* [Work to complete] Repeat, word for word and with nothing added, each line from the one containing "V sredo so v" to the final line of the data, keeping both ends. Pictures are not part of the copy.

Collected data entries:
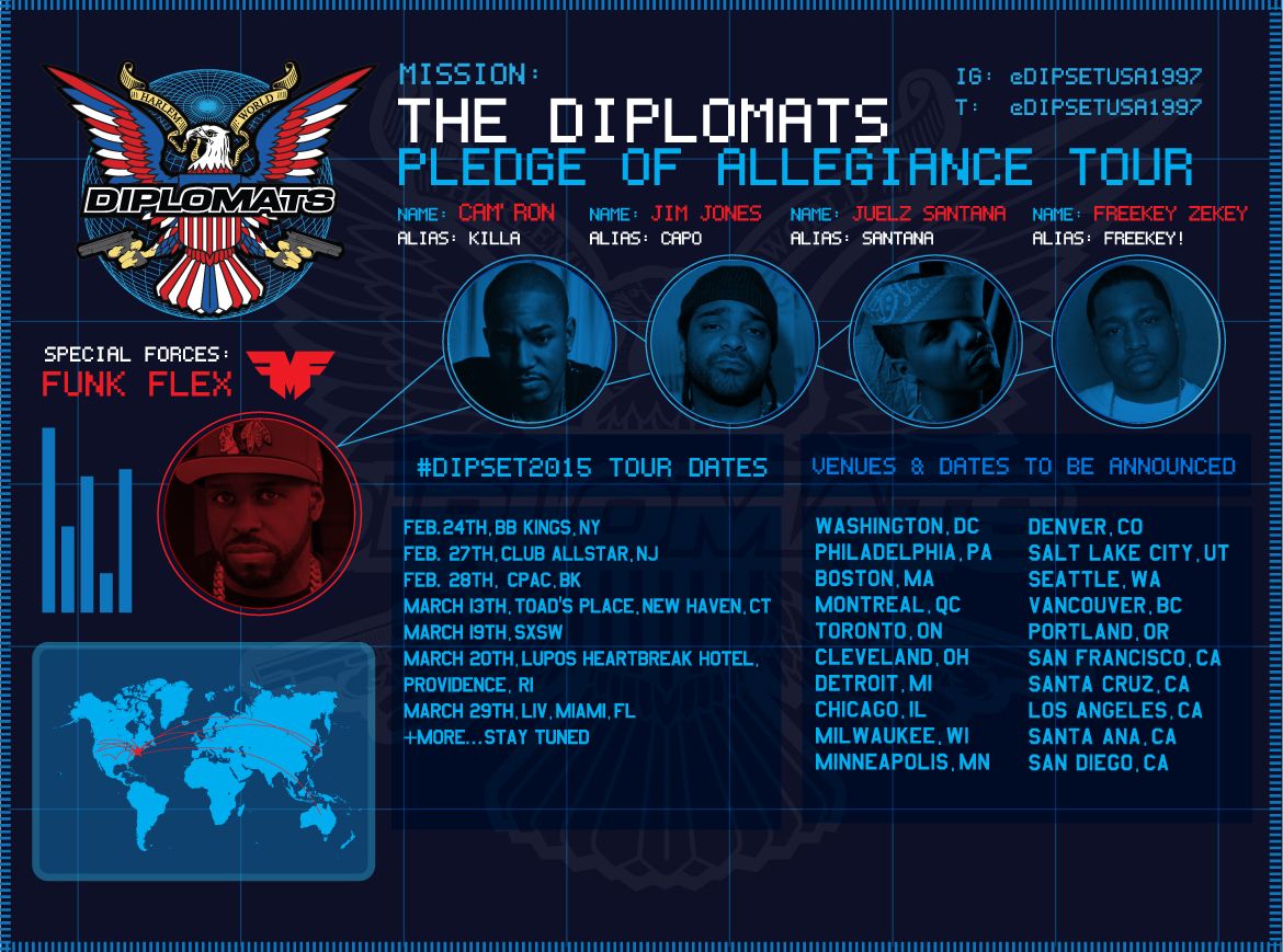 The rap group, The Diplomats (Dipset), have announced the “Pledge Of Allegiance Tour,” with dates in February and March. More dates are to be announced. They will be supported by Funk Flex. You can check out the dates, details and poster, after the break.
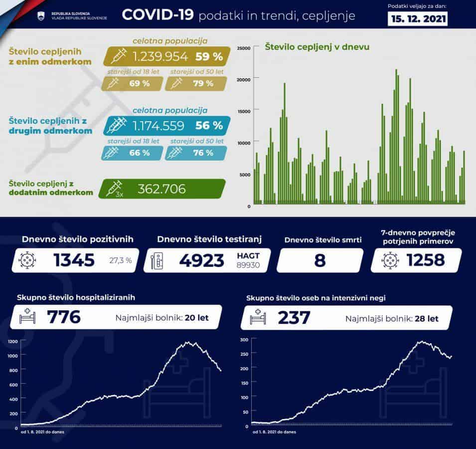V sredo so v Sloveniji ob 4923 PCR-testih potrdili 1345 okužb z novim koronavirusom, dan pred tem so ob 5903 PCR-testih potrdili 1526 okužb. Delež pozitivnih PCR-testov znaša 27,3 odstotka, dan pred tem 25,8 odstotka. Opravili so tudi 89.930 hitrih antigenskih testov, katerih pozitivne rezultate potrjujejo še s PCR-testiranjem, dan pred tem 64.783.
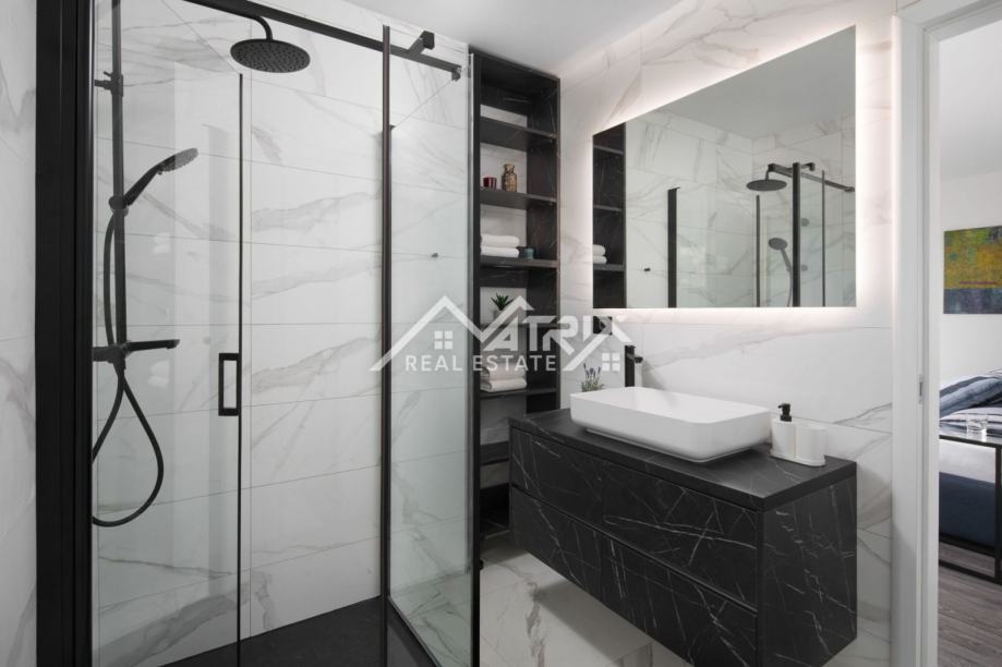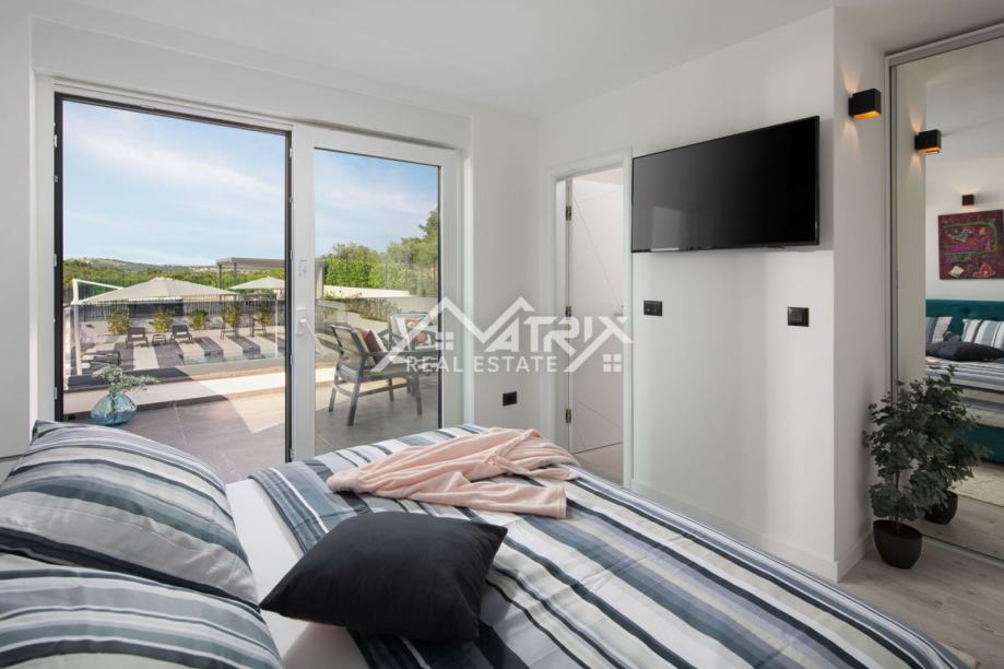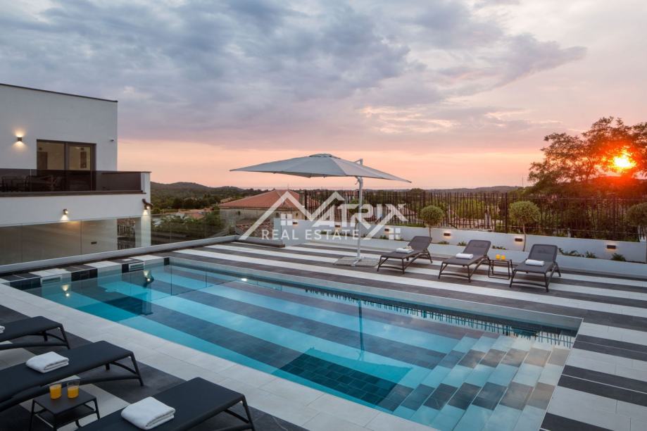 Kuća se prostire na tri etaže: suteren, prizemlje i prvi kat. Centralni dio prizemlja je veliki prostor koji ujedinjuje dnevni boravak s blagovaonicom i kuhinjom, s izlazom na natkrivenu terasu bazena kroz velike staklene stijene, koje pružaju obilje dnevnog svjetla. U prizemlju se također nalazi i jedna spavaća soba sa svojom kupaonicom i wc za goste. Moderne stepenice vode nas na prvi kat gdje se nalaze tri kompletno opremljene spavaće sobe svaka sa svojom kupaonicom i terasom. Iz svake sobe i sa svake terase pruža se prekrasan otvoreni pogled na more i pejzaž. U suterenu se nalazi game-room s biljarskim stolom i PlayStation jedinicom, te kotlovnica i spremište.
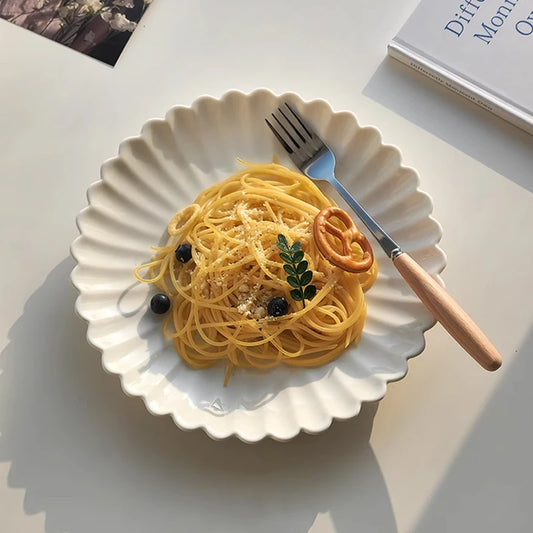 [Plates] Ahundjiaz-Nordic Pure White Ceramic Plate Set, Dessert, Breakfast, Pasta, Western, Home Tableware, Kitchen Plates Sets
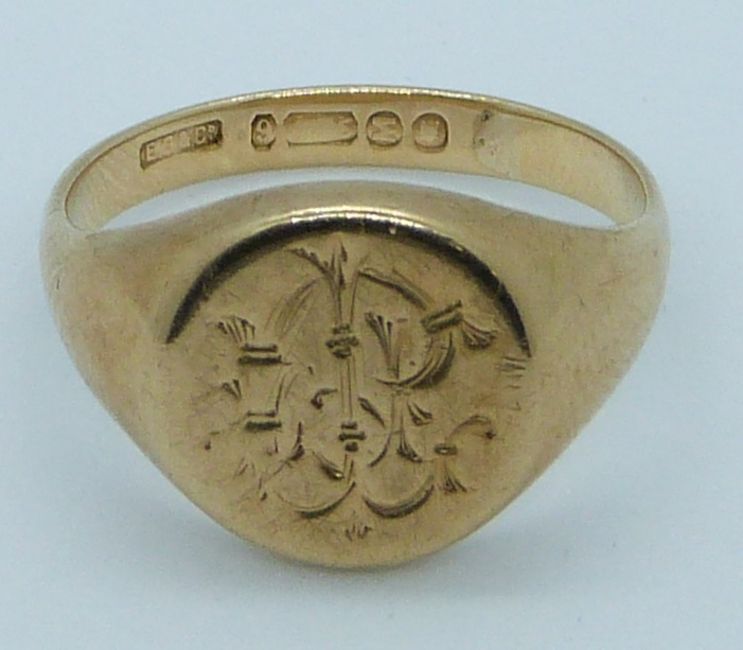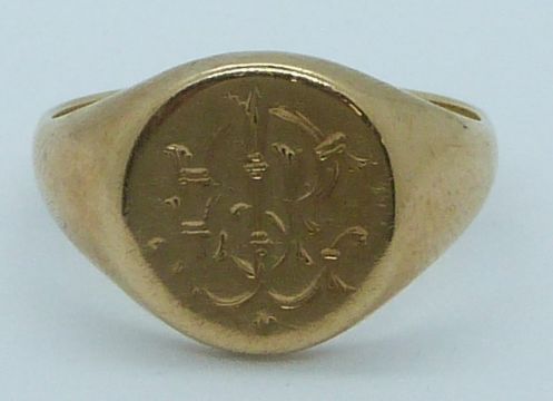 A 9ct gold signet ring, London 1947, 6.9g, size O

* [Response to this exercise]
V sredo so v Sloveniji ob 4923 PCR-testih potrdili 1345 okužb z novim koronavirusom, dan pred tem so ob 5903 PCR-testih potrdili 1526 okužb. Delež pozitivnih PCR-testov znaša 27,3 odstotka, dan pred tem 25,8 odstotka. Opravili so tudi 89.930 hitrih antigenskih testov, katerih pozitivne rezultate potrjujejo še s PCR-testiranjem, dan pred tem 64.783.
 Kuća se prostire na tri etaže: suteren, prizemlje i prvi kat. Centralni dio prizemlja je veliki prostor koji ujedinjuje dnevni boravak s blagovaonicom i kuhinjom, s izlazom na natkrivenu terasu bazena kroz velike staklene stijene, koje pružaju obilje dnevnog svjetla. U prizemlju se također nalazi i jedna spavaća soba sa svojom kupaonicom i wc za goste. Moderne stepenice vode nas na prvi kat gdje se nalaze tri kompletno opremljene spavaće sobe svaka sa svojom kupaonicom i terasom. Iz svake sobe i sa svake terase pruža se prekrasan otvoreni pogled na more i pejzaž. U suterenu se nalazi game-room s biljarskim stolom i PlayStation jedinicom, te kotlovnica i spremište.
 [Plates] Ahundjiaz-Nordic Pure White Ceramic Plate Set, Dessert, Breakfast, Pasta, Western, Home Tableware, Kitchen Plates Sets
 A 9ct gold signet ring, London 1947, 6.9g, size O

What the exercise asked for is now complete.